For all the challenges that Ayyub has faced, she is luckier than many of her Indian peers. Although she has largely been censored in India, where she tells me she can’t get published by mainstream media, her international platform is much larger, affording her space with some of the world’s highest-profile outlets and broadcasters. Ayyub recently joined Substack, where she curates a newsletter dedicated in part to chronicling her country’s antidemocratic turn. “I don’t want them to have the pleasure of knowing that they have silenced me,” she told me, “so my only answer to them is my journalism.”
As an independent journalist, she doesn’t face the prospect of being censored or sacked from her job if she doesn’t toe a political line. Perhaps most important of all, she has avoided the fate of her colleagues languishing in prison, such as Siddique Kappan, an Indian journalist who was arrested last year on charges of sedition and conspiracy to incite violence while trying to cover the alleged rape of a 19-year-old Dalit (pejoratively known as an “untouchable” in India’s hierarchical caste system) in Uttar Pradesh.
Ayyub’s international notoriety does not quell press advocates’ fears for her safety. She remains a top concern of Reporters Without Borders, which has lobbied Indian authorities to protect her from further spurious charges and harassment. “When we saw what was happening to Rana and to other female journalists, we thought that it was very important to react, because we definitely don’t want another Gauri Lankesh in India,” Daniel Bastard, the Asia-Pacific director of Reporters Without Borders, told me, referencing the 2017 assassination of Lankesh, a journalist and vocal Modi critic, outside her home in Bangalore. “We are very, very worried.”
If press-freedom groups can’t get through to Modi, perhaps Biden can. This, at least, seems to be part of the reasoning behind Modi’s invitation to Biden’s Summit for Democracy, which will urge participating countries “to announce new commitments, reforms, and initiatives in accordance with the Summit’s three pillars: strengthening democracy and defending against authoritarianism, fighting corruption, and promoting respect for human rights,” a State Department spokesperson told me, adding that “the U.S.-India partnership stands upon a shared commitment to uphold the rule of law and democratic values.”
Modi will undoubtedly make grand statements about India’s commitment to democracy and freedom, which he recently described as being central to “India’s civilizational ethos.” But no one I spoke with expressed any optimism that either the summit or Biden could compel Modi to change tack. India has long been unreceptive to outside criticism, even from its close partners. Any meaningful change must be driven from the inside.

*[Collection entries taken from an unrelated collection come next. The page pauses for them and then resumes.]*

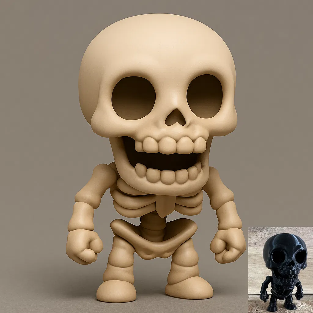 Tạo hình một bộ xương Chibi dễ thương bằng công nghệ AI, hoàn hảo cho mùa Halloween hoặc làm vật trang trí độc đáo. Đừng quên like, tải về và chia sẻ sản phẩm in của bạn nhé!
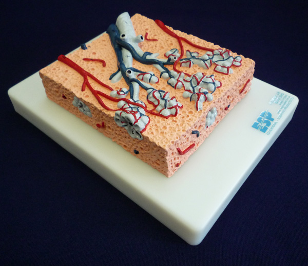 Эта модель легких в разрезе, увеличенная примерно в 20 раз. Показаны бронх, бронхиолы и альвеолы с соответствующими легочными и бронхиальными кровеносными сосудами. Модель 12x10x3 см. С карточкой с ключами.
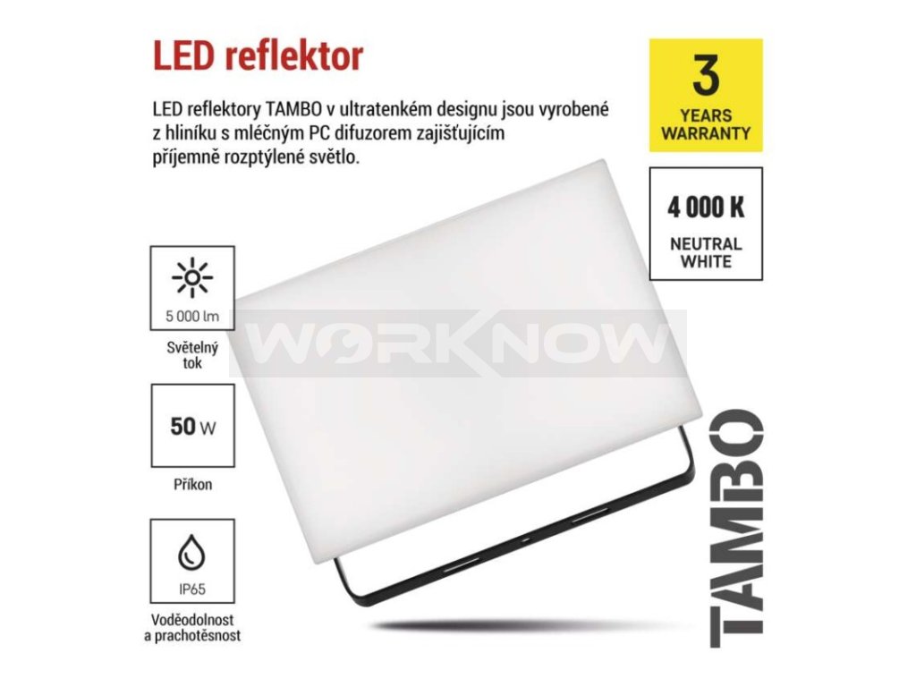 LED reflektor TAMBO, 50 W, 5000 lm, IP65, černý
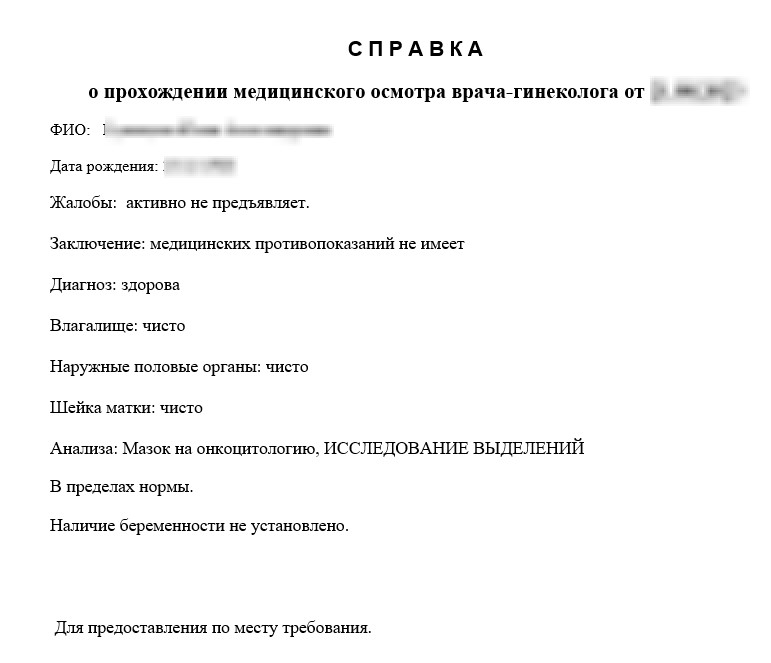 Справка от гинеколога
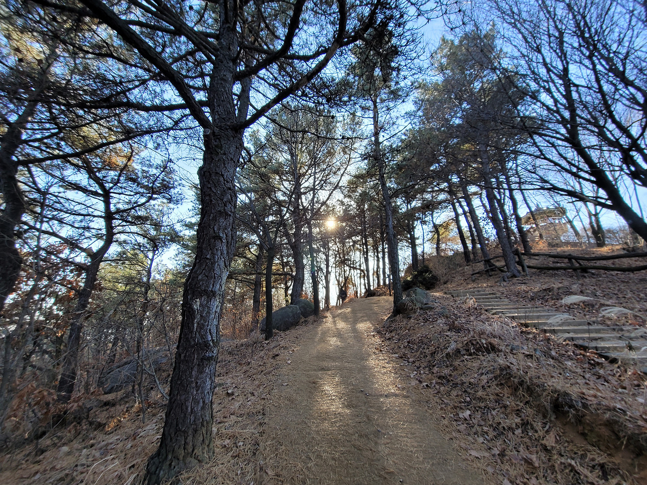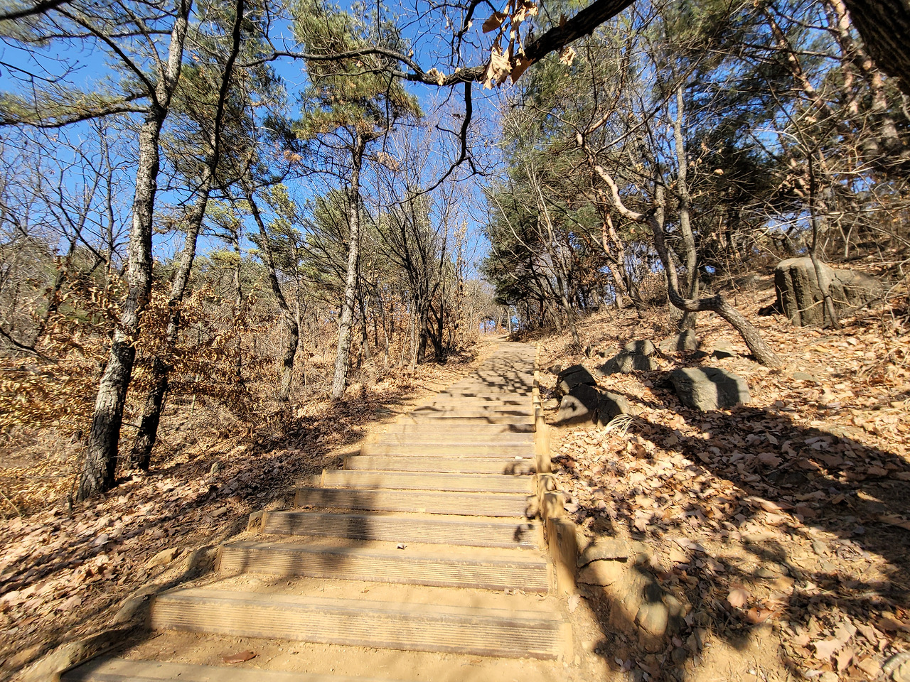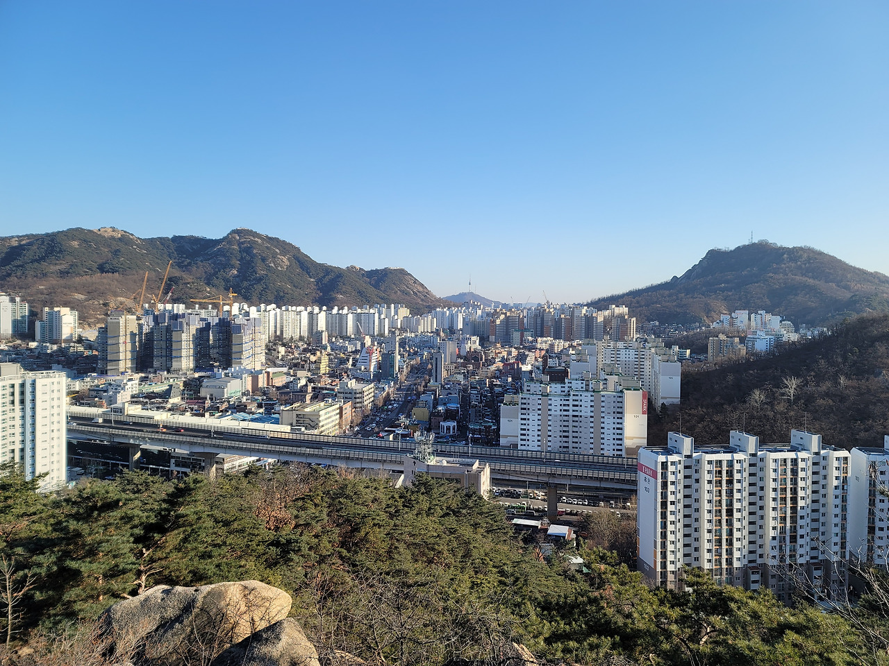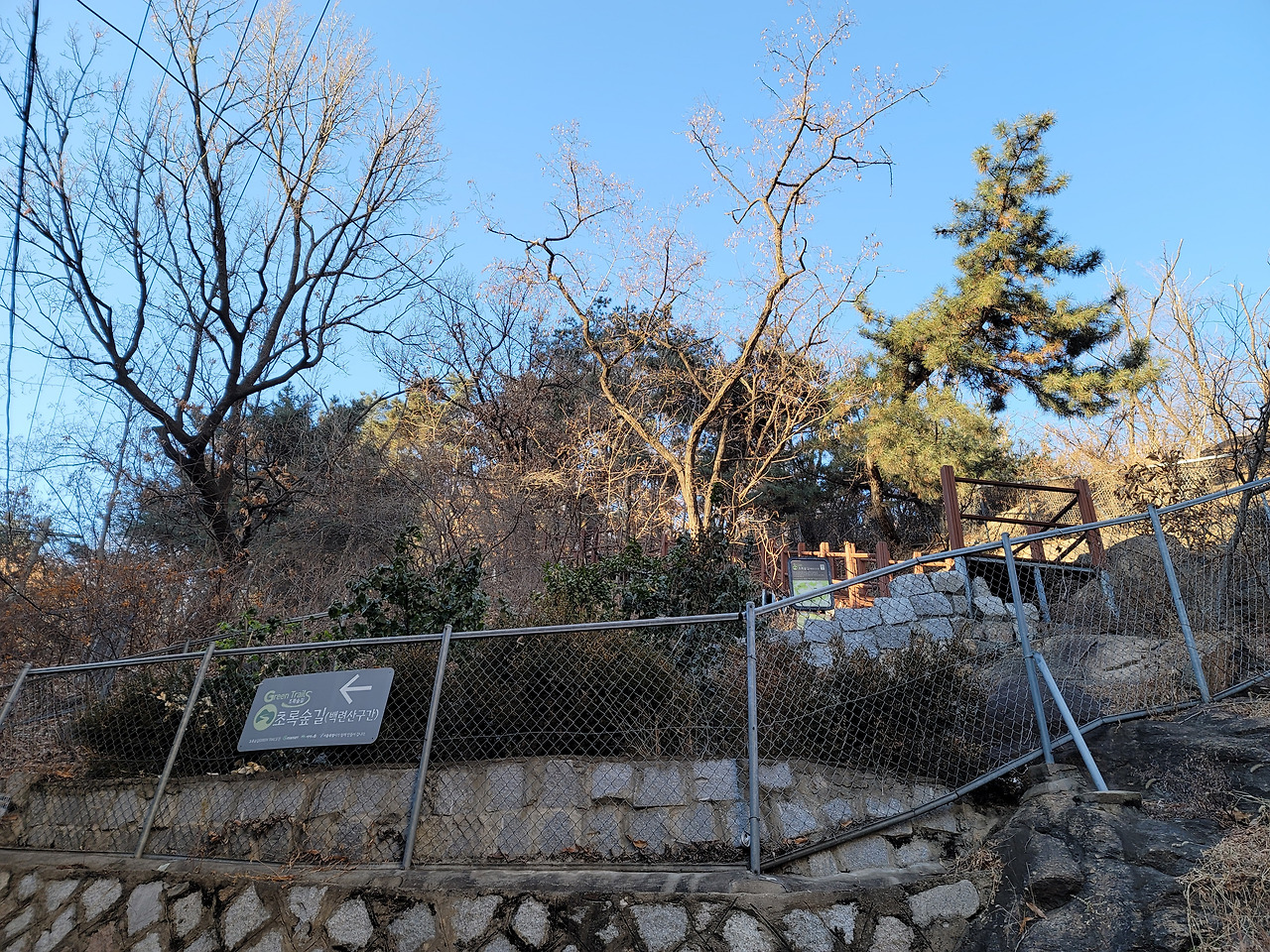 이런 전망 좋은 백련산은 서울 시내 다른 산들보다 소음이 적다. 도로와 떨어져 있기 때문일 것이다. 그래서 조용하게 산행할 수 있다. 주된 길은 길게 뻗은 능선길이다. 몇 군데 내려가는 길이 나 있다. 서쪽으로는 은평구, 동쪽으로는 서대문구이다.

Internal reform will prove a challenge. Despite some political setbacks, Modi continues to be popular. Many people may not even detect that anything is fundamentally wrong with the health of Indian democracy today. “Most people confuse democracy with periodic elections,” Sinha said, noting that what’s less appreciated are the mechanisms that enable democracy to exist: an independent judiciary, constitutionally enshrined civil liberties, a free press.
Without those things, India can be a democracy in name only. As far as Ayyub is concerned, it already is one. “There is a veneer of democracy,” she said. “Below that is fascism.”
Correction: This article previously misdescribed Salil Tripathi as an Indian journalist.